Miliband-Aid
Former British foreign secretary David Miliband was the center of attraction at the historic Montecito estate, Val Verde, when UCSB Arts & Lectures hosted a pre-talk bash for the ex-politician and Oxford graduate at the sprawling home of hedge fund manager and New York Times cruciverbalist Pete Muller and his wife, Jillian, who bought the storied residence from Russian banker Sergey Grishin.
Miliband, 53, president of the International Rescue Committee in New York since 2013, one of the world’s largest refugee aid agencies providing humanitarian relief for displaced persons in more than 40 war-effected countries, spoke at Campbell Hall on Rescue: Refugees and the Political Crisis of Our Time, based on his 2017 book.

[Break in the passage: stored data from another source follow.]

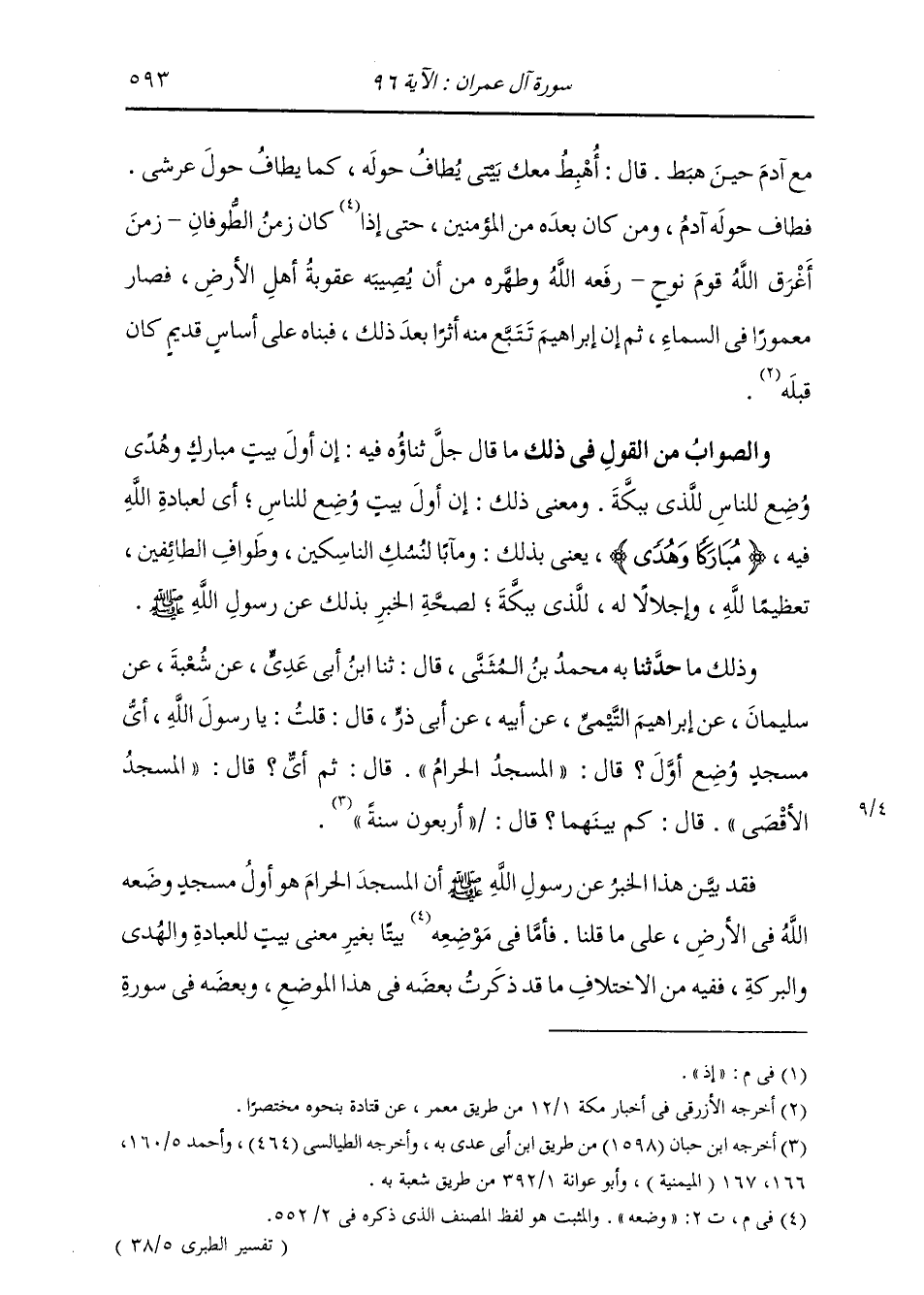 وَذَلِكَ مَا: حَدَّثَنَا بِهِ مُحَمَّدُ بْنُ الْمُثَنَّى، قَالَ: ثنا ابْنُ أَبِي عَدِيٍّ، عَنْ شُعْبَةَ، عَنْ سُلَيْمَانَ، عَنْ إِبْرَاهِيمَ التَّيْمِيِّ، عَنْ أَبِيهِ، عَنْ أَبِي ذَرٍّ، قَالَ: قُلْتُ يَا رَسُولَ اللَّهِ، §أَيُّ مَسْجِدٍ وُضِعَ أَوَّلُ؟ قَالَ: «الْمَسْجِدُ الْحَرَامُ» قَالَ: ثُمَّ أَيُّ؟ قَالَ: «الْمَسْجِدُ الْأَقْصَى» قَالَ: كَمْ بَيْنَهُمَا؟ قَالَ: أَرْبَعُونَ سَنَةً " فَقَدْ بَيَّنَ هَذَا الْخَبَرُ عَنْ رَسُولِ اللَّهِ صَلَّى اللهُ عَلَيْهِ وَسَلَّمَ أَنَّ الْمَسْجِدَ الْحَرَامَ هُوَ أَوَّلُ مَسْجِدٍ وَضَعَهُ اللَّهُ فِي الْأَرْضِ عَلَى مَا قُلْنَا، فَأَمَّا فِي وَضْعِهِ بَيْتًا بِغَيْرِ مَعْنَى بَيْتٍ لِلْعِبَادَةِ وَالْهُدَى وَالْبَرَكَةِ، فَفِيهِ مِنَ الِاخْتِلَافِ مَا قَدْ ذَكَرْتُ بَعْضَهُ فِي هَذَا الْمَوْضِعِ وَبَعْضَهُ فِي سُورَةِ -[594]- الْبَقَرَةِ وَغَيْرِهَا مِنْ سُوَرِ الْقُرْآنِ وَبَيَّنْتُ الصَّوَابَ مِنَ الْقَوْلِ عِنْدَنَا فِي ذَلِكَ بِمَا أَغْنَى ذَلِكَ عَنْ إِعَادَتِهِ فِي هَذَا الْمَوْضِعِ وَأَمَّا قَوْلُهُ: {لَلَّذِي بِبَكَّةَ مُبَارَكًا} [آل عمران: 96] فَإِنَّهُ يَعْنِي لَلْبَيْتُ الَّذِي بِمُزْدَحِمِ النَّاسِ لِطَوَافِهِمْ فِي حَجِّهِمْ وَعُمَرِهِمْ. وَأَصْلُ الْبَكِّ الزَّحْمُ، يُقَالُ مِنْهُ: بَكَّ فُلَانٌ فُلَانًا: إِذَا زَحَمَهُ وَصَدَمَهُ فَهُوَ. بِبَكَّةَ مُبَارَكًا، وَهُمْ يَتَبَاكُّونَ فِيهِ: يَعْنِي بِهِ: يَتَزَاحَمُونَ وَيَتَصَادَمُونَ فِيهِ، فَكَانَ بَكَّةُ: «فَعْلَةٌ» مِنْ بَكَّ فُلَانٌ فُلَانًا: زَحَمَهُ، سَمَّيَتِ الْبُقْعَةُ بِفِعْلِ الْمُزْدَحِمِينَ بِهَا، فَإِذَا كَانَتْ بَكَّةُ مَا وَصَفْنَا، وَكَانَ مَوْضِعُ ازْدِحَامِ النَّاسِ حَوْلَ الْبَيْتِ، وَكَانَ لَا طَوَافَ يَجُوزُ خَارِجَ الْمَسْجِدِ، كَانَ مَعْلُومًا بِذَلِكَ أَنْ يَكُونَ مَا حَوْلَ الْكَعْبَةِ مِنْ دَاخِلِ الْمَسْجِدِ، وَأَنَّ مَا كَانَ خَارِجَ الْمَسْجِدِ فَمَكَّةُ لَا بَكَّةُ؛ لِأَنَّهُ لَا مَعْنَى خَارِجَهُ يُوجِبُ عَلَى النَّاسِ التَّبَاكَّ فِيهِ، وَإِذَا كَانَ ذَلِكَ كَذَلِكَ كَانَ بَيِّنًّا بِذَلِكَ فَسَادُ قَوْلِ مَنْ قَالَ بَكَّةُ اسْمٌ لِبَطْنِ مَكَّةَ، وَمَكَّةُ اسْمٌ لِلْحَرَمِ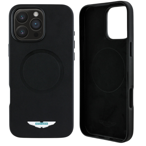 Carcasa Aston Martin HC FW Logo cu MagSafe compatibila cu iPhone 16 Pro Max, Negru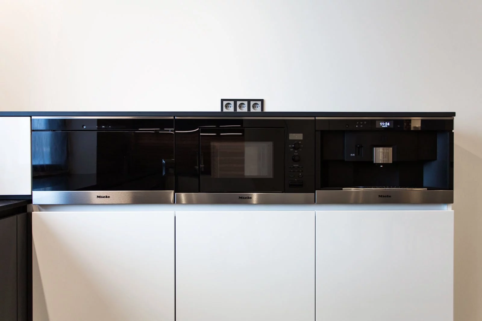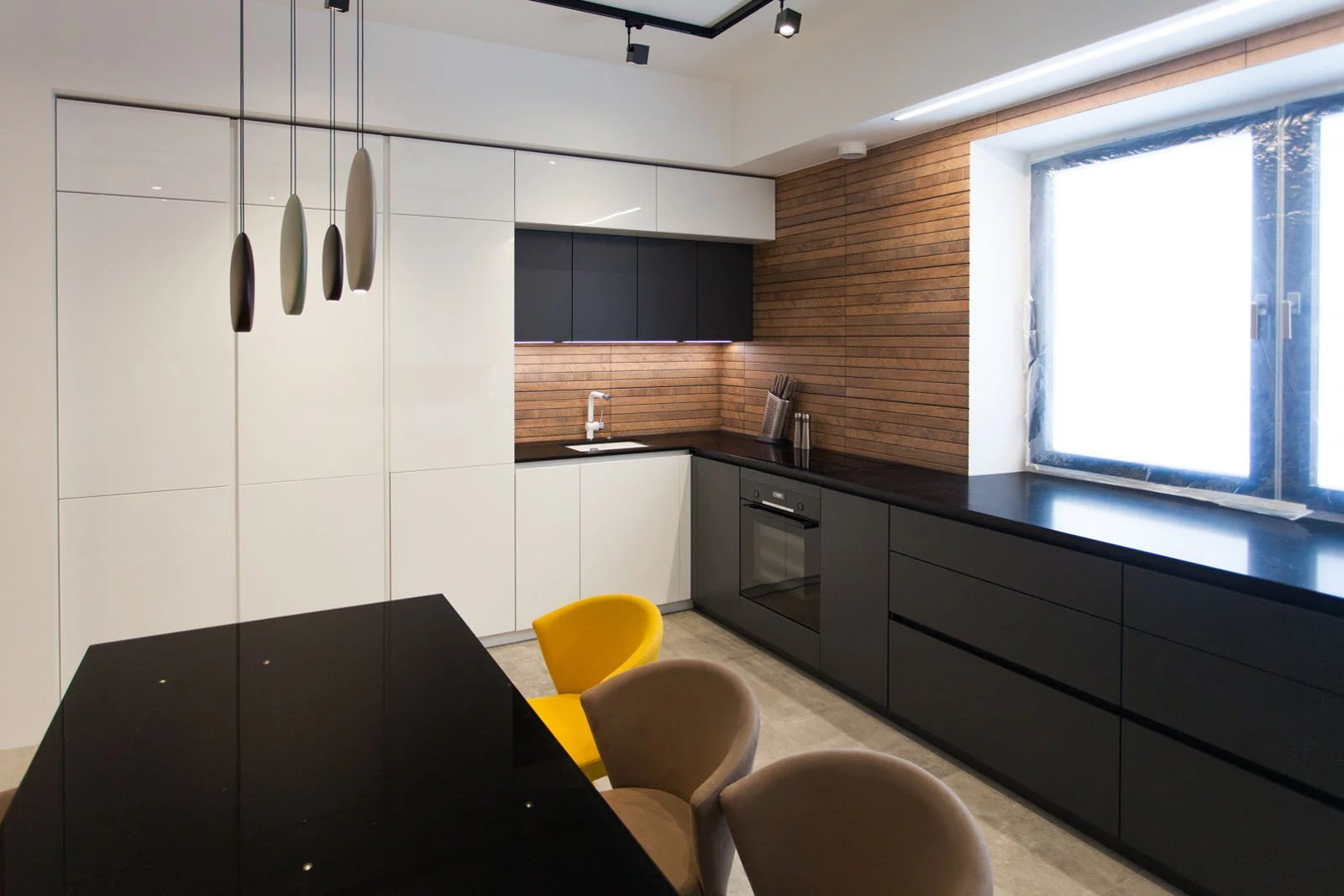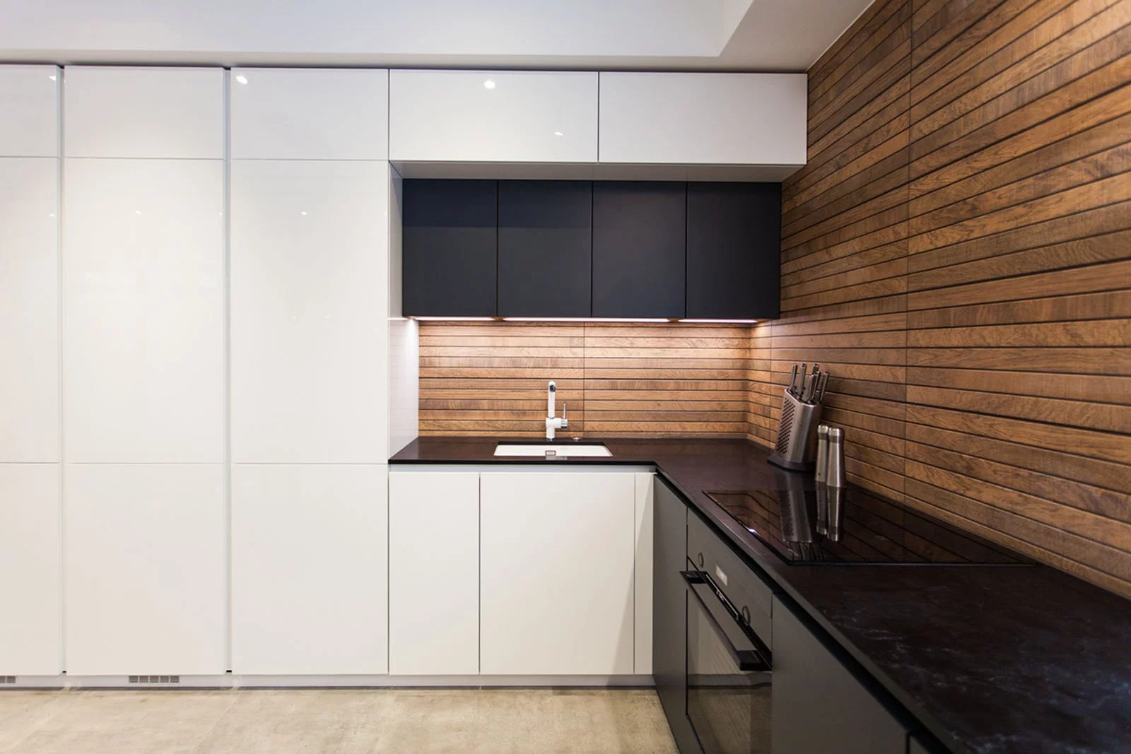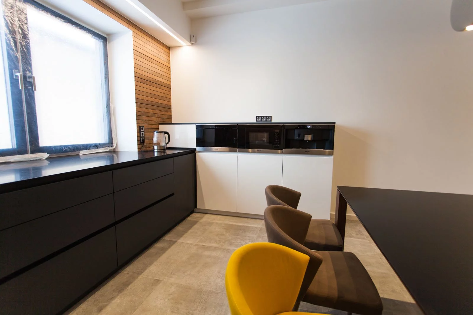 Использована фурнитура Blum премиальной линейки. В качестве ручек использован профиль Gola в 2 отделках, соответствующих цвету фасадов. Цоколь — крашеный алюминий высотой 60 мм. Кухня имеет врезную LED-подсветку с сенсорным датчиком включения.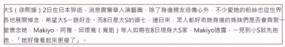 姐姐的死對於小S打擊很大,可以說是處在崩潰的邊緣,但看到眾多好友的到來,小S還是堅強地招呼大家一起吃水果、喝香檳、聊姐姐。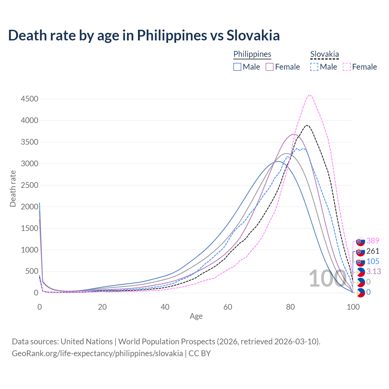 In the Philippines, the most common age of death is 79, compared to 85 in Slovakia. The median age of death is 74.6 in the Philippines and 82 in Slovakia, meaning only half of each cohort is expected to live past that age.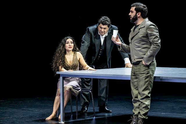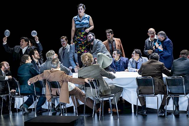 Mit Herabsetzungen und Demütigungen. Für das Fest des ersten Aktes hat Verdi eine feiernde Männergesellschaft komponiert, deren Vergnügen darin besteht, den anderen zu erniedrigen. Man fragt sich: Wo sind eigentlich die Frauen?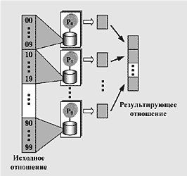 Рис.2. Параллельное выполнение запроса. Исходное отношение разбивается на фрагменты по первым двум цифрам телефонного номера. Каждый фрагмент имеет свои собственные диск для хранения и процессор для обработки. Результирующее отношение объединяет данные, поставляемые отдельными узлами системы.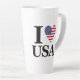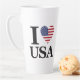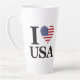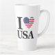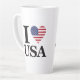 Savourez votre latte, votre thé ou votre chocolat chaud préféré dans le style avec cette élégante tasse en latte "I ❤️ USA". Son design élégant et haut met en valeur l'emblématique graphique "I ❤️ USA", avec le drapeau américain dans un coeur. Parfait pour des matinées douillettes, des fêtes patriotiques ou comme cadeau réfléchi pour un Américain fier, cette tasse est un moyen idéal pour combiner votre amour pour les boissons et le pays.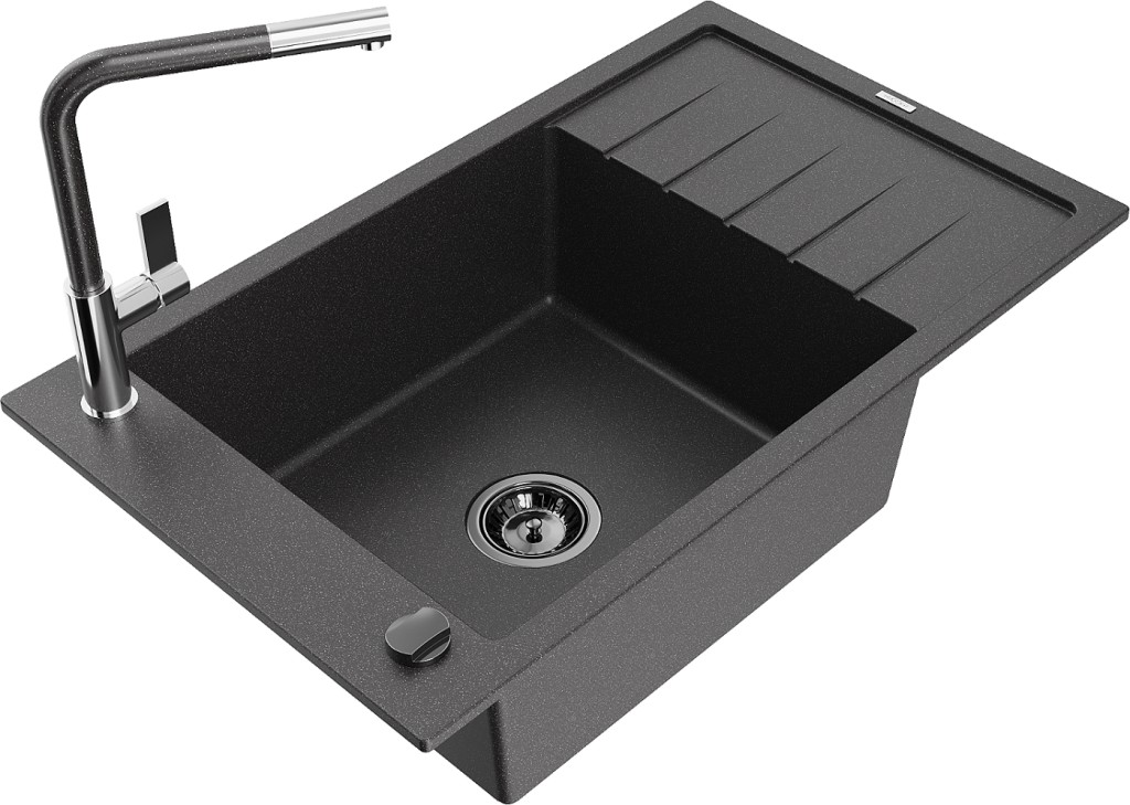 Technické dáta: drez: Rozmer: 795 x 480 x 200 mm Hĺbka komory: 190 mm Rozmery komory: 465x420 mm Priemer odtoku: ø90 mm Typ: 1-miska s krátkym odkvapkávačom Typ: Zapustené do pracovnej dosky Farba: Škvrnitá čierna Povrchová úprava sifónu: čierna Materiál: žula (80% žulové kamenivo, 20% živice) Prepadový otvor: Áno Otvory: (batérie, automatické) 2 Inštalácia: Univerzálna, je možné inštalovať s odkvapkávačom na ľavú alebo pravú stranu Vysoká odolnosť proti poškriabaniu a zmene farby Odolnosť proti tepelným šokom Ľahko čistiteľný povrch Jeden dodatočný vyfrézovaný otvor na samodierovanie ø35 kuchynská batéria: Materiál: mosadz Farba: chróm/čierna škvrnitá Hlava: Keramická Prevzdušňovač: Áno Typ: Jedna páka Rozsah výtoku: 245 mm Výška batérie: 307 mm(GT) Ean: 5905315060334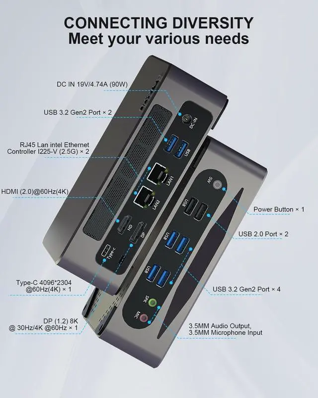Our mini computer has excellent storage performance, whether you are enjoying home entertainment or processing work, you can do whatever you want. It is an ideal choice for visual home entertainment, home office, conference room, etc.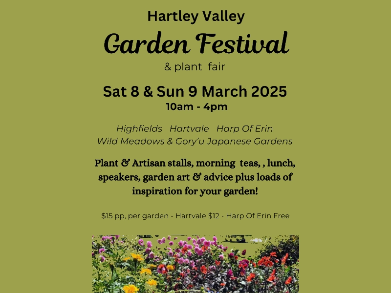 The Hartley Valley Garden Festival and Plant Fair takes place on the 8th and 9th of March this year with five gorgeous gardens to visit all located in the beautiful Hartley Valley. Highfields, Hartvale, Wild Meadows, Harp Of Erin and Gory’u Japanese Gardens. The festival will also feature guest speakers, artisan and plant stalls, sausage sizzles, artwork and delicious morning and afternoon teas.

Having last visited the estate, built in 1915, for society doyenne Beverley Jackson‘s 80th birthday party 10 years ago, it was interesting to see what the Mullers have done with the unique property, that used to see the likes of Cole Porter, Kate Hepburn, Noel Coward, and Gloria Swanson, and was where aviator Charles Lindbergh and his wife, Anne, sought solace in the 1930s after their son was famously kidnapped.
Jillian told me the main 7,000-sq.-ft. house has been totally renovated, but a bathroom decorated by Tony Award-winning theater designer Oliver Messel, uncle of the late Lord Snowdon, ex-husband of Queen Elizabeth‘s late sister, Princess Margaret, with flamboyant Roman murals, is being kept as is.
Guests milling around the cobalt blue pool enjoying the Veuve Clicquot and comestibles provided by the couple’s talented chef were Linda Cole, Robert Weinman, Craig and Susan McCaw, Peter and Ellen Johnson, Robert and Robin Fell, Jeff and Hollye Jacobs, Jill Levinson and Morrie Jurkowitz, Sara Miller McCune, and Kevin O’Connor and Laura Shelburne.